» **Task directions**: Please go line by line and repeat the data below exactly, with no images.

------

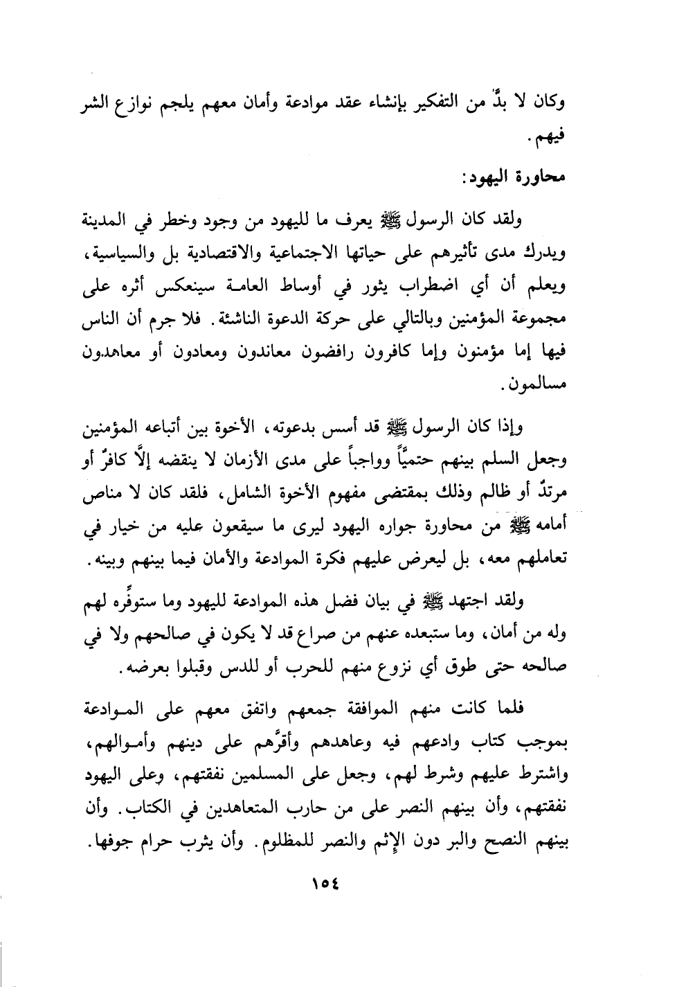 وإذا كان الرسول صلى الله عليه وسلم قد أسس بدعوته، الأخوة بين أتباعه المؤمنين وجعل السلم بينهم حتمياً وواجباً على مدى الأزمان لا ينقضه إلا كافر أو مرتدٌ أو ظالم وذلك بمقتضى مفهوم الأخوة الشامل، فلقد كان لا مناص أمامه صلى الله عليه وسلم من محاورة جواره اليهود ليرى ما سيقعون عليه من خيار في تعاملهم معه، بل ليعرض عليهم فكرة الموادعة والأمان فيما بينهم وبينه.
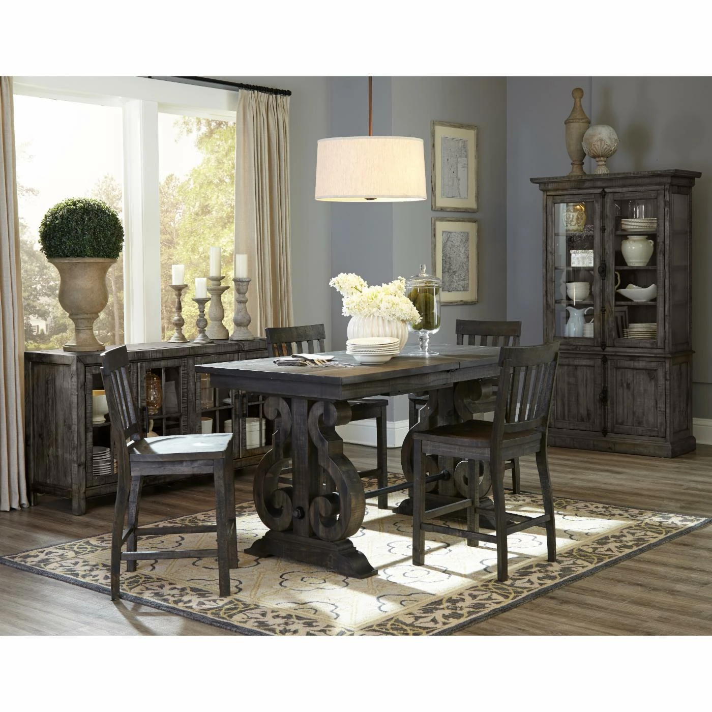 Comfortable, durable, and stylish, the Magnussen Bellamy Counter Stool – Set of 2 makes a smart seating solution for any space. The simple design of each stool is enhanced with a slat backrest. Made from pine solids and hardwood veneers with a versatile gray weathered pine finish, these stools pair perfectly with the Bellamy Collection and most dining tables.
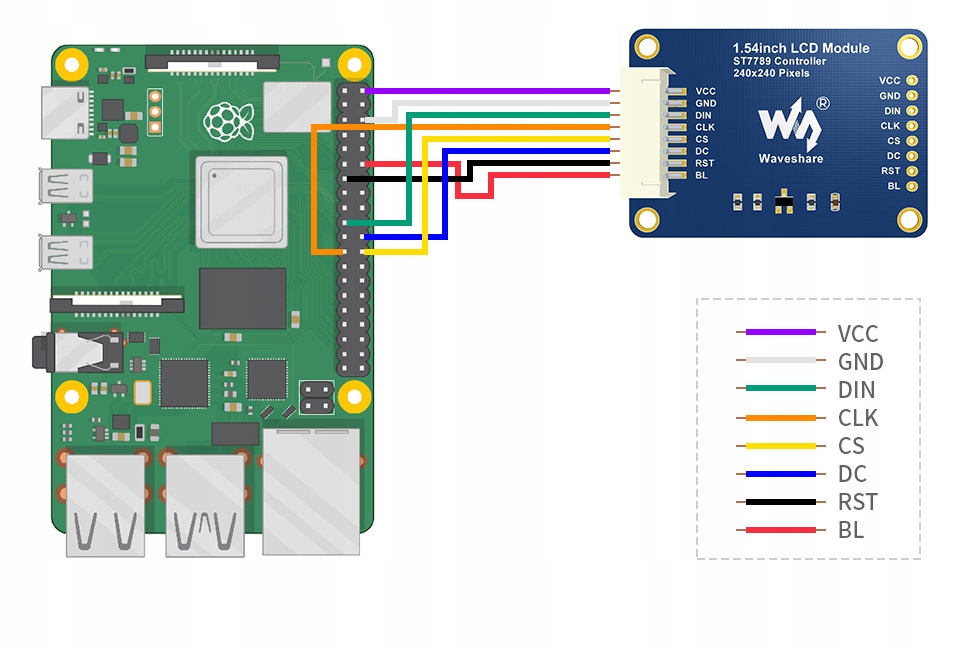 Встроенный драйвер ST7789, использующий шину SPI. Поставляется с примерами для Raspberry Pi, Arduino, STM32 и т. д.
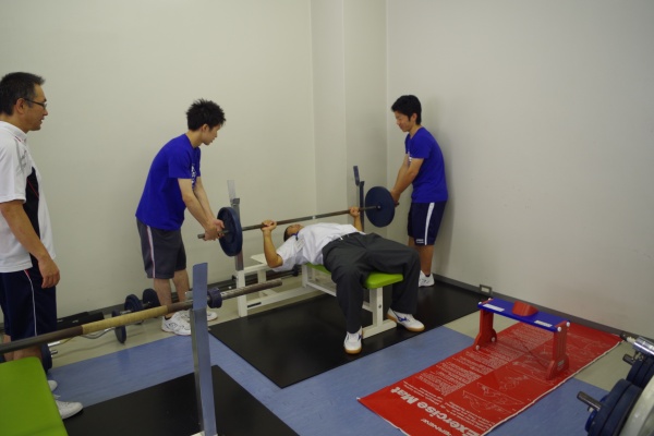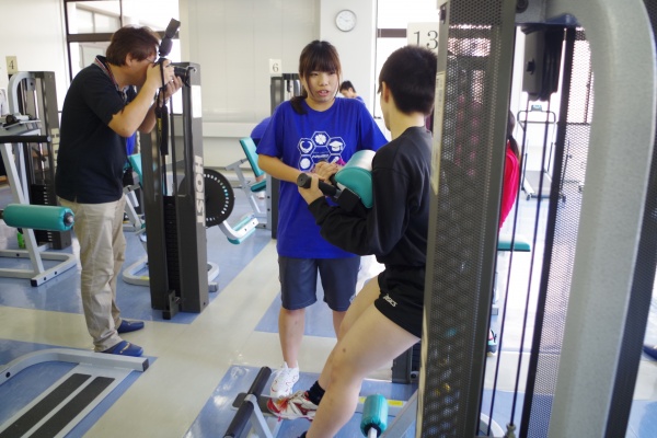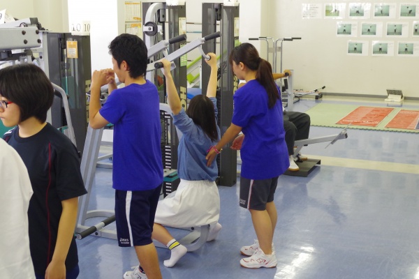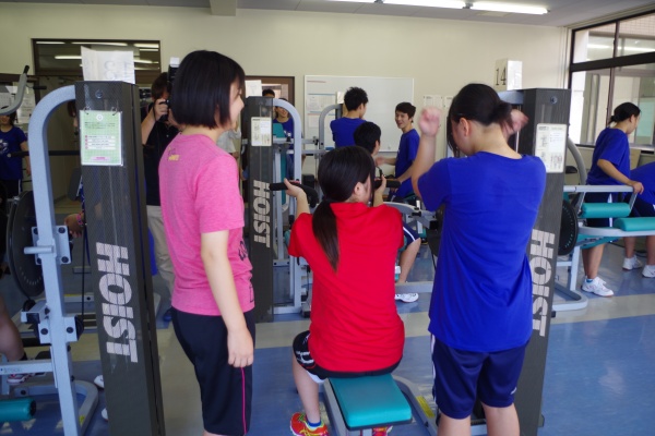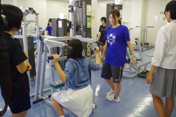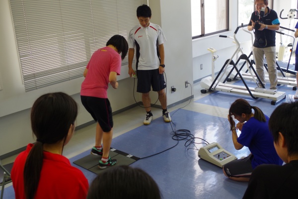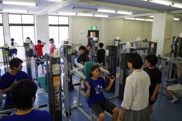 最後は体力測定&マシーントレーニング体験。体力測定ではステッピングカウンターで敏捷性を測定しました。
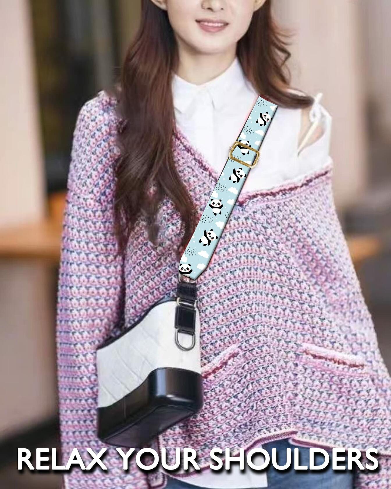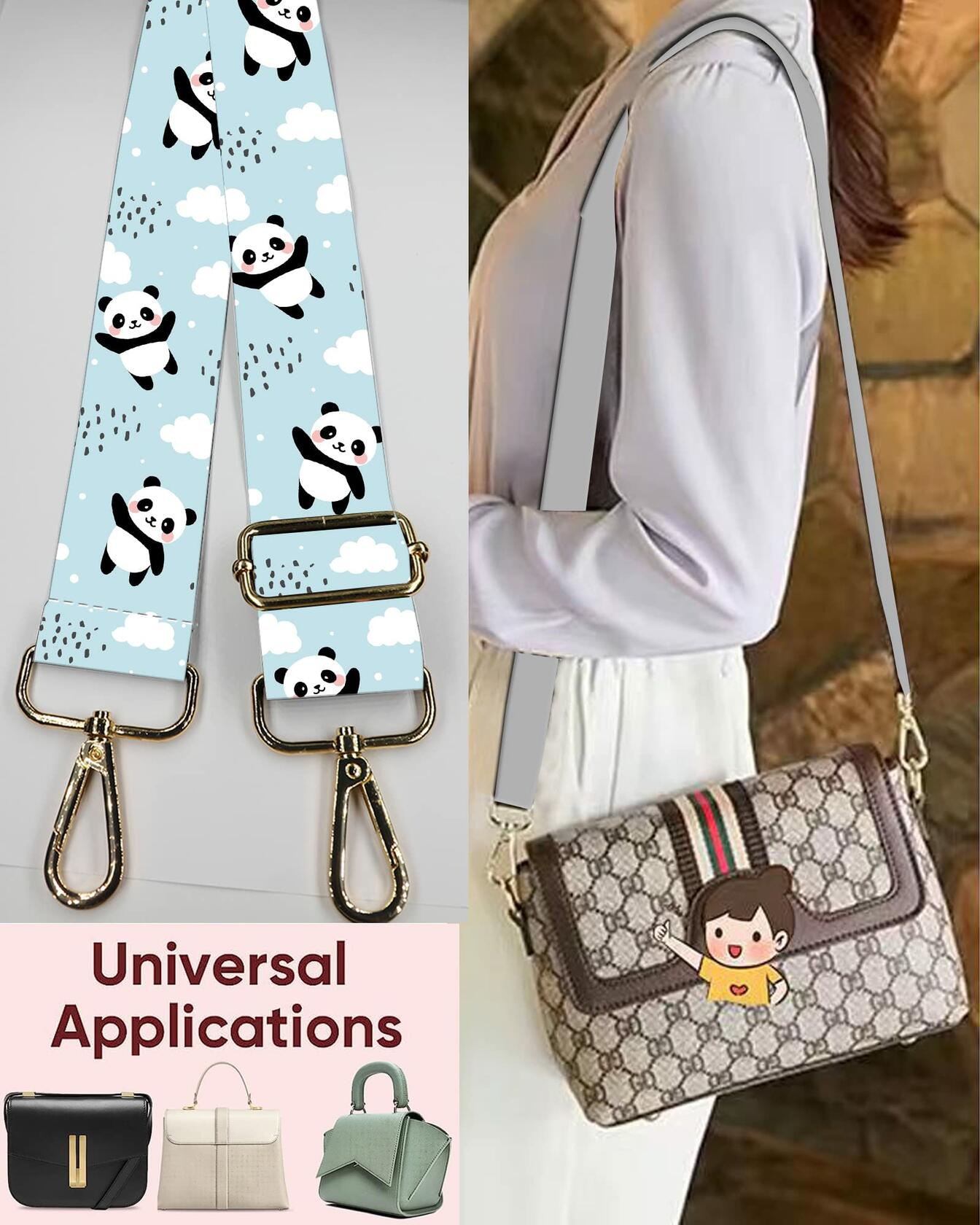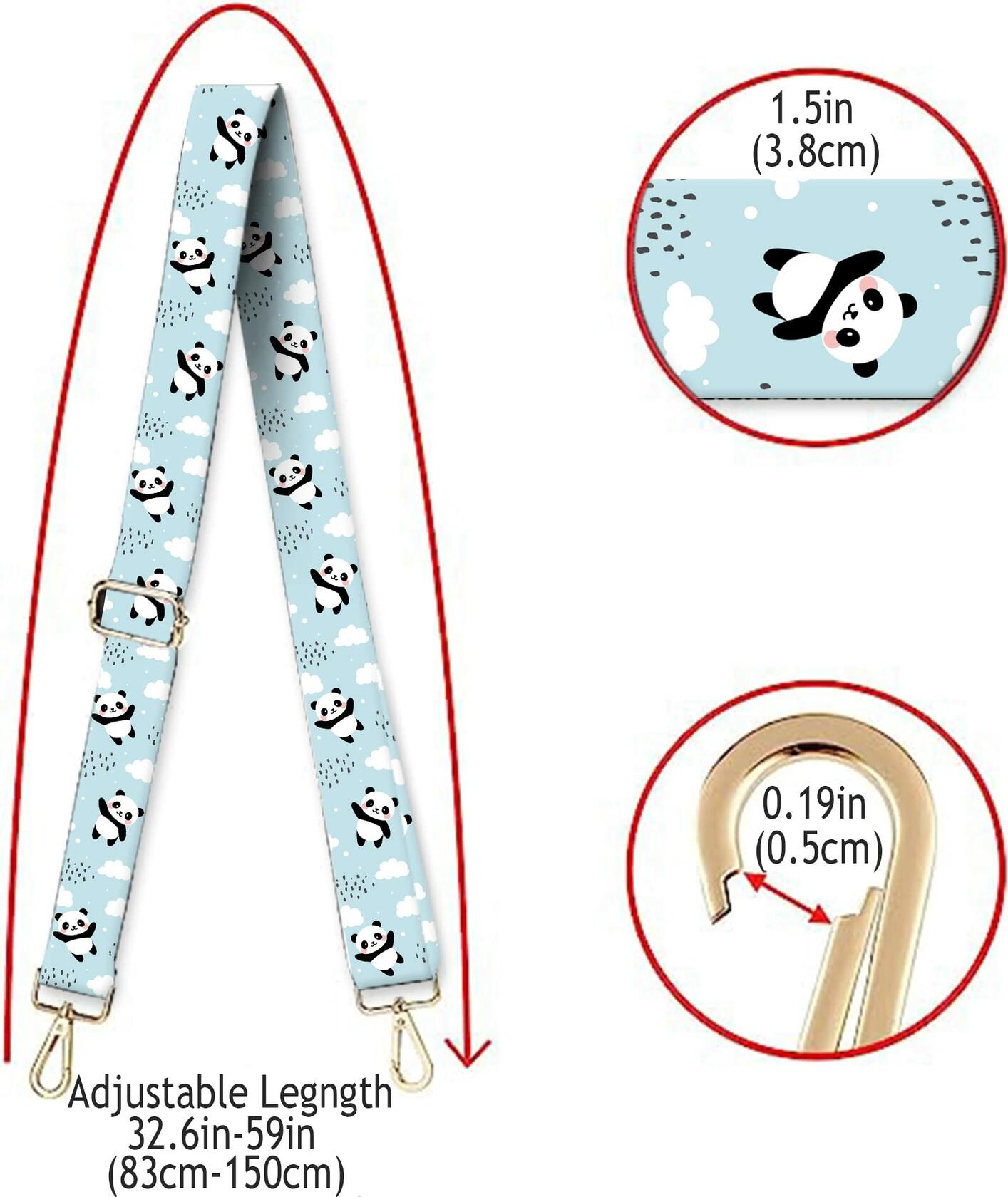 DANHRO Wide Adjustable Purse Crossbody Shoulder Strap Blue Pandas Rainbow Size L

------

» **Response box**:
 وإذا كان الرسول صلى الله عليه وسلم قد أسس بدعوته، الأخوة بين أتباعه المؤمنين وجعل السلم بينهم حتمياً وواجباً على مدى الأزمان لا ينقضه إلا كافر أو مرتدٌ أو ظالم وذلك بمقتضى مفهوم الأخوة الشامل، فلقد كان لا مناص أمامه صلى الله عليه وسلم من محاورة جواره اليهود ليرى ما سيقعون عليه من خيار في تعاملهم معه، بل ليعرض عليهم فكرة الموادعة والأمان فيما بينهم وبينه.
 Comfortable, durable, and stylish, the Magnussen Bellamy Counter Stool – Set of 2 makes a smart seating solution for any space. The simple design of each stool is enhanced with a slat backrest. Made from pine solids and hardwood veneers with a versatile gray weathered pine finish, these stools pair perfectly with the Bellamy Collection and most dining tables.
 Встроенный драйвер ST7789, использующий шину SPI. Поставляется с примерами для Raspberry Pi, Arduino, STM32 и т. д.
 最後は体力測定&マシーントレーニング体験。体力測定ではステッピングカウンターで敏捷性を測定しました。
 DANHRO Wide Adjustable Purse Crossbody Shoulder Strap Blue Pandas Rainbow Size L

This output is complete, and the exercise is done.